Automate Deployment
Continuous Integration and Continuous Deployment
Introduction to MLOps
MLOps applies DevOps principles like automation, monitoring, and collaboration to ML systems. However, MLOps requires tailored processes and procedures to manage the ML model lifecycle from development through deployment.
A key aspect of MLOps is applying continuous integration (CI) and continuous deployment (CD).
Teams in the ML process
-
Data engineers
Data engineers are responsible for data sourcing, data cleaning, and data processing. They transform data into a consumable format for ML and data scientist analysis.
-
Data scientists
Data scientists are responsible for model development including model training, evaluation, and monitoring to drive insights from data.
-
ML engineers
ML Engineers are responsible for model deployment, production integration, and monitoring.
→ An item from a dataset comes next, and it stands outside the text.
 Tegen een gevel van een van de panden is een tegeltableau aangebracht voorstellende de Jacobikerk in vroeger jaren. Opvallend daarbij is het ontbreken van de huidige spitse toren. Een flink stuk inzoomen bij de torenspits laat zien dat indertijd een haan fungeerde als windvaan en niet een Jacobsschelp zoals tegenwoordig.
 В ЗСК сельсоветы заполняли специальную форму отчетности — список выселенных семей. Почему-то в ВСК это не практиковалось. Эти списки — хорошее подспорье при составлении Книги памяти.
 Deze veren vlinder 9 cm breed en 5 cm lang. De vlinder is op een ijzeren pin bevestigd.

They standardize ML systems development (Dev) and ML systems deployment (Ops) for continuous delivery of high-performing production ML models.
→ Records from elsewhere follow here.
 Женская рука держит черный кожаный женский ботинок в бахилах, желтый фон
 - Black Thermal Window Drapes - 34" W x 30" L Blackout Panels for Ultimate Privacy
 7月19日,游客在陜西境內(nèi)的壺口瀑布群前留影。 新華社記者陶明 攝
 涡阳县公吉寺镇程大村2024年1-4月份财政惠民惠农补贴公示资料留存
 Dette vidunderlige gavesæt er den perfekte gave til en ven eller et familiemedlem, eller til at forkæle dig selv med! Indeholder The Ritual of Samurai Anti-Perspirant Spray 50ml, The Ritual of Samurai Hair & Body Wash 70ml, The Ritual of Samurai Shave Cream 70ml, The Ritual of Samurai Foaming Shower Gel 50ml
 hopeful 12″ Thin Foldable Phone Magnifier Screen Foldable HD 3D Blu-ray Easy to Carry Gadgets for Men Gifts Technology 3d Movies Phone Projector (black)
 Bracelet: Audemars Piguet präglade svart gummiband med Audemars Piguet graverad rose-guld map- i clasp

Independent data and ML code
Data and ML code are separate components that are both critical for developing an effective machine learning system. Although the data and code are independent, they must work together effectively for the system to provide useful outputs. Thoughtful design of both components is essential in machine learning.
-
Data component
Data engineers build and maintain the core infrastructure needed to feed accurate, consistent data to downstream data scientists and machine learning systems. Their foundational data work enables advanced analytics and models.
-
Model building and deployment code
Data scientists own the model build portion of the ML lifecycle. The ML engineer or MLOps engineer creates and manages model deployment code that is part of a model deployment workflow.
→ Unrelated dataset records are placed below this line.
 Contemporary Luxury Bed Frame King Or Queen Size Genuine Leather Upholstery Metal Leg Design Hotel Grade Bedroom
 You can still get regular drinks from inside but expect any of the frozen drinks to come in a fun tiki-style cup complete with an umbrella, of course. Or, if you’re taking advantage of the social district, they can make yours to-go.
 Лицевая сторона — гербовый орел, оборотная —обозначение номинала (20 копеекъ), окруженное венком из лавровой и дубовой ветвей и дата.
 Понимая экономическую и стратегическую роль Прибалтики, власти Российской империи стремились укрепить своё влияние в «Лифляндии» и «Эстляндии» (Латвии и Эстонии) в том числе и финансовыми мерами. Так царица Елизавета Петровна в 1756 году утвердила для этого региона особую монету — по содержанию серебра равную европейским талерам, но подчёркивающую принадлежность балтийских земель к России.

Nonfunctional requirements in ML
-
Consistency: Ensures minimal variance between different environments, such as development, staging, production, to maintain model performance.
-
Flexibility: Accommodates a wide range of ML frameworks and technologies to adapt to changing requirements.
-
Reproducibility: Recreates past experiments and training processes to ensure model reliability and traceability.
-
Reusability: Designs components that can be reused across different ML projects to improve efficiency and reduce development time.
-
Scalability: Ensures the scaling of resources, such as compute, storage, memory, to handle increased demand and data volumes.
-
Auditability: Provides comprehensive logs, versioning, and dependency tracking of all ML artifacts for transparency and compliance.
-
Explainability: Incorporates techniques that promote decision transparency and model interpretability.
Comparing the ML workflow with DevOps
Machine learning projects have unique complexities compared to traditional software development.
Feature | DevOps | MLOps |
---|---|---|
Code versioning | ✔️ | ✔️ |
Compute environment | ✔️ | ✔️ |
CI/CD | ✔️ | ✔️ |
Monitoring in production | ✔️ | ✔️ |
Data provenance | ✔️ | |
Datasets | ✔️ | |
Models | ✔️ | |
Model building with workflows | ✔️ | |
Model deployment with workflows | ✔️ |
Automating Testing in CI/CD Pipelines
Types of automated tests
Automated testing is an essential part of maintaining quality in machine learning model development and deployment. Applying automated tests to a CI/CD pipeline helps to catch issues early, reduce bugs, and maintain model performance over time.
-
Unit tests
Validate smaller components like individual functions or methods.
-
Integration tests
Can check that pipeline stages, including data ingestion, training, and deployment, work together correctly. Other types of integration tests depend on your system or architecture.
-
Regression tests
In practice, regression testing is re-running the same tests to make sure something that used to work was not broken by a change. Regression tests are not only for models.
SageMaker Projects
For more information about creating a real project using SageMaker Projects, refer to the following templates:
- To use the MLOps template for model building, training, and deployment, refer to SageMaker MLOps Project Walkthrough.
- To use the MLOps template for model building, training, and deployment with third-party Git repositories using CodePipeline, refer to SageMaker MLOps Project Walkthrough Using Third-party Git Repos.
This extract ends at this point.